Does anyone else remember that Seinfeld episode where instead of celebrating Christmas George’s father celebrates Festivus? It’s the celebration that begins with the annual airing of all of their grievances and ends with physical punishment.
I feel like that is what Congress turns Christmas into every year, because I have a lot of problems with Congress, and it feels like they are trying to punish the American people.
Just once, I’d like to get a nice present from Congress—like them not passing anything ridiculous while the rest of us are stuffing our kids’ stockings.
Congressman Thomas Massie recently tweeted, “I predict the day our country’s finances collapse, we will still be funding ‘gender programs in Pakistan.’ Tonight’s COVID relief/stimulus bill has no less than $10 million for said programs attached to it.”
This was just one category of a $1.5 trillion omnibus that encompassed a COVID relief bill and a defense bill. Not only did the over-5,500 page bill attach a lot of pork that couldn’t be voted on separately, Congress was also only given 7 hours to read it. This caused bipartisan outrage. Congresswoman Alexandria Ocasio-Cortez called it “unacceptable” (yet still voted for the bill). And it gets worse. Here’s a brief list of some of the pork in thus so-called relief bill:
- Sudan gets $700 million (Can you even point to this country on a map?)
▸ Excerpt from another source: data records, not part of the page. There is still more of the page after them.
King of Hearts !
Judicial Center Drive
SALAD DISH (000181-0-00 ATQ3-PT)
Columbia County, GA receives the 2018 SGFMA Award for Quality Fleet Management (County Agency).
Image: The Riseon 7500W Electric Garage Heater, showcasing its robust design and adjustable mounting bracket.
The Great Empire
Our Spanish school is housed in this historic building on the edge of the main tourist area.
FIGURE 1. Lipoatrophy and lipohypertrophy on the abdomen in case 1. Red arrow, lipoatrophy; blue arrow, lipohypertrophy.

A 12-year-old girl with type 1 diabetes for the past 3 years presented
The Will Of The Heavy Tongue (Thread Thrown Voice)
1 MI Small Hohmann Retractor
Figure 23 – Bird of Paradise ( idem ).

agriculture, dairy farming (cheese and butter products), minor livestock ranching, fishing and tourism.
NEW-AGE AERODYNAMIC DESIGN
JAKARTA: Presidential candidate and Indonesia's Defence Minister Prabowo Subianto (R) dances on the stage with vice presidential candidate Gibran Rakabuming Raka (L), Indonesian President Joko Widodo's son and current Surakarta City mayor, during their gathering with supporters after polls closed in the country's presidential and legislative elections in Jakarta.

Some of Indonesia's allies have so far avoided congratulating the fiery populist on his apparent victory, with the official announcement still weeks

- Fisheries are getting $300 million
- Israel gets over $3 billion
- $453 million for Ukraine
- $1.3 billion to Egypt
- $135 million to Burma
- Movie theaters and event venues are getting $15 billion
- $40 million is going to the Kennedy Center
- And on and on and on and on…
*Sigh*
As per usual with politicians, the reason these bills are even introduced is that they have a fundamental misunderstanding of the role of government.
They think giving the American people $600 is stimulus when they tax a massive chunk of our income and cripple the economy.
As famed French economist Frederic Bastiat once said: “Often the masses are plundered and do not know it.”
Because of the way these bills are written, with names like “Covid Relief Bill,” we assume they give relief, not add to the mounting national debt our children and grandchildren will have to assume. It is this principle that Bastiat was addressing. With every law passed—especially ones that are rushed through without time to read—there are a bundle of taxes added.
Not only was Bastiat a super good economist with super-smart quotes, he wrote a book called The Law. As you know, we took the principles from this essay and adapted it into a book that a kid (or congressperson) could understand.
In The Tuttle Twins Learn about the Law, Ethan and Emily learn about individual rights and the proper role of government. Congress is showing us, time and again, why more people, especially them, need to understand these ideas.
I think we sometimes forget that any money the government has is money taken from the American taxpayer—either through direct taxation or by devaluing people’s savings by printing more money.
As Bastiat also aptly said:
“Everyone wants to live at the expense of the state. They forget that the state wants to live at the expense of everyone.”
The government is by the people, for the people, and the minute the bureaucrats and politicians forget that, they start passing $1.5 trillion omnibus bills that give $10 million to funding gender programs in Pakistan.
Merry Christmas to big government, and a Festivus for the rest of us.